Samarinda – Seorang warga kembali meregang nyawa setelah tercebur ke lubang bekas tambang batu bara di Samarinda. Anggota Komisi IV DPRD Kota Samarinda, Anhar, menilai tragedi ini sebagai bukti nyata lemahnya pengawasan pemerintah serta minimnya tanggung jawab perusahaan tambang dalam menjalankan reklamasi.
Insiden terbaru ini menambah daftar korban jiwa akibat lubang tambang di Kalimantan Timur menjadi 52 orang sejak 2011. DPRD Samarinda mendesak perusahaan tambang bertanggung jawab penuh dengan melakukan reklamasi pasca-penambangan sesuai kewajiban.
“Sejak awal, perusahaan semestinya menutup lubang dengan aman, memasang rambu peringatan, hingga memastikan lingkungan sekitar tidak membahayakan warga,” ujar Anhar di Samarinda, Selasa (23/9/2025).
Meskipun Wali Kota Samarinda menargetkan kota ini bebas tambang pada 2026, Anhar mengingatkan bahwa penghentian izin tidak otomatis menyelesaikan masalah.
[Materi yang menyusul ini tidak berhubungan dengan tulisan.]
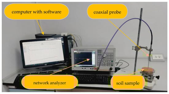 The process of calibrating the network analyzer involved using air, a shot probe, and deionized water, as recommended in [28]. The calibrations and measurements were conducted in a closed laboratory setting with a temperature of 25 °C. The soil samples were measured on site within a frequency range of 20 MHz to 10 GHz, utilizing a VNA configured with a total of 1001 sampling points. This frequency range is relevant for industrial, scientific, and medical applications [24,25]. The soil samples were placed in a container that was wide enough to allow the probe to be inserted and the soil sample was thick enough to prevent any reflection coefficient interference from the glass dish and ground floor on the measurements and errors in the measurement of the dielectric properties. A dielectric slim form probe was used to measure the dielectric properties of the soil samples in situ. The dielectric properties values were measured with three replications, as suggested in [29], and the mean values were used for data analysis. The setup for measuring dielectric properties is depicted in Figure 3.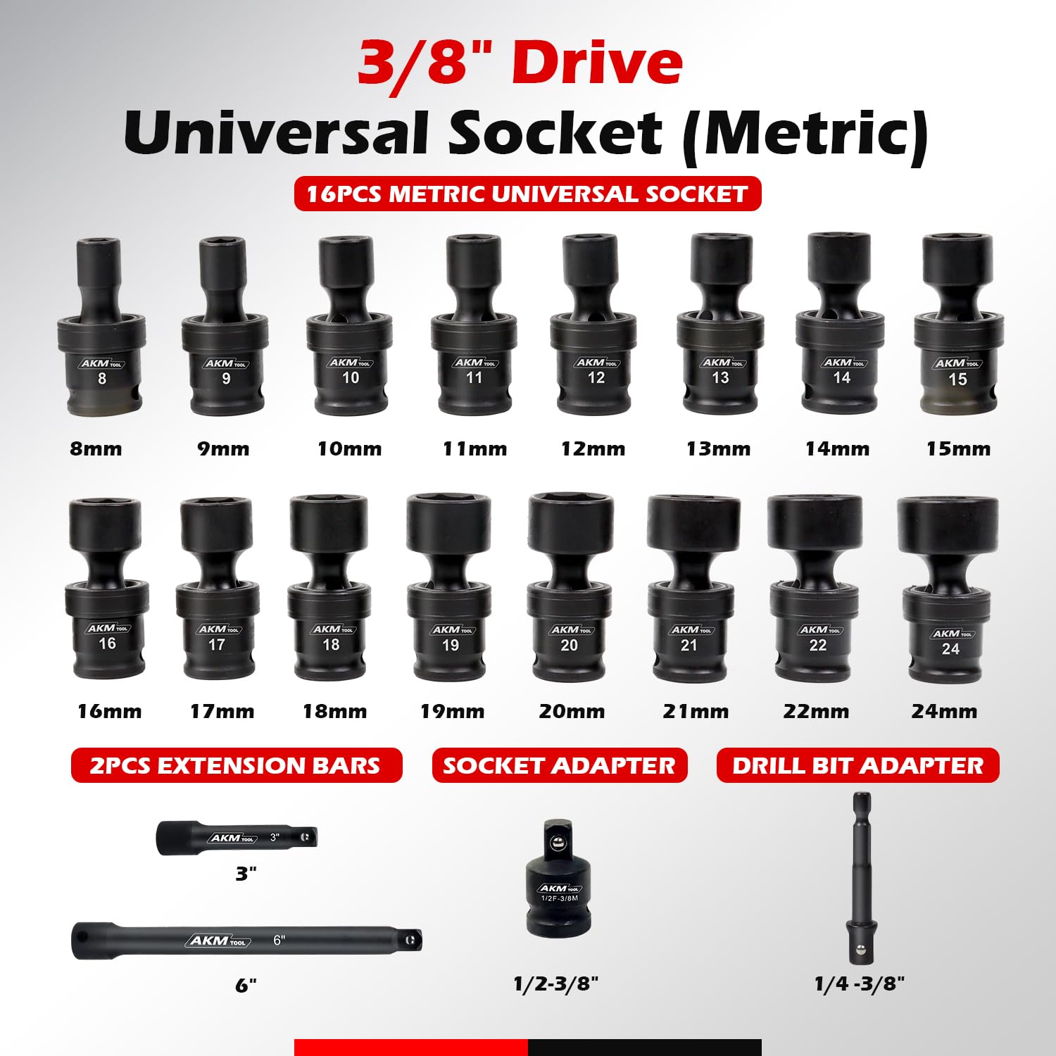 - INCLUDES: 16PCS 3/8" DR universal impact socket: 8mm,9mm,10mm,11mm,12mm,13mm,14mm,15mm,16mm,17mm,18mm,19mm,20mm,21mm,22mm,24mm. 2PCS extension bars: 3",6" , 1PCS drill bit adapter:1/4'', 1PCS impact socket adapter 1/2''-3/8''.

Lubang bekas galian yang dibiarkan terbuka tetap menjadi ancaman serius bagi keselamatan masyarakat.
“Banyak lubang dibiarkan begitu saja. Bukan hanya merusak lingkungan, tapi juga merenggut nyawa,” tegas politisi PDIP itu.
Selain itu, ia menyoroti dana jaminan reklamasi yang dianggap tidak sebanding dengan skala kerusakan lingkungan. Ia mendorong adanya revisi aturan agar perusahaan tidak bisa menghindar dari kewajiban memperbaiki lahan pasca-eksploitasi.
“Reklamasi harus dijalankan dengan ketat, dan pemerintah wajib menegakkan aturan agar perusahaan patuh,” lanjutnya.
Tragedi ini mempertegas bahwa lubang tambang bukan sekadar persoalan lingkungan, tetapi juga masalah keselamatan publik. Lemahnya penegakan hukum dan minimnya koordinasi antarinstansi membuat kasus ini terus berulang. Jika reklamasi tidak segera diprioritaskan, korban dikhawatirkan akan terus berjatuhan.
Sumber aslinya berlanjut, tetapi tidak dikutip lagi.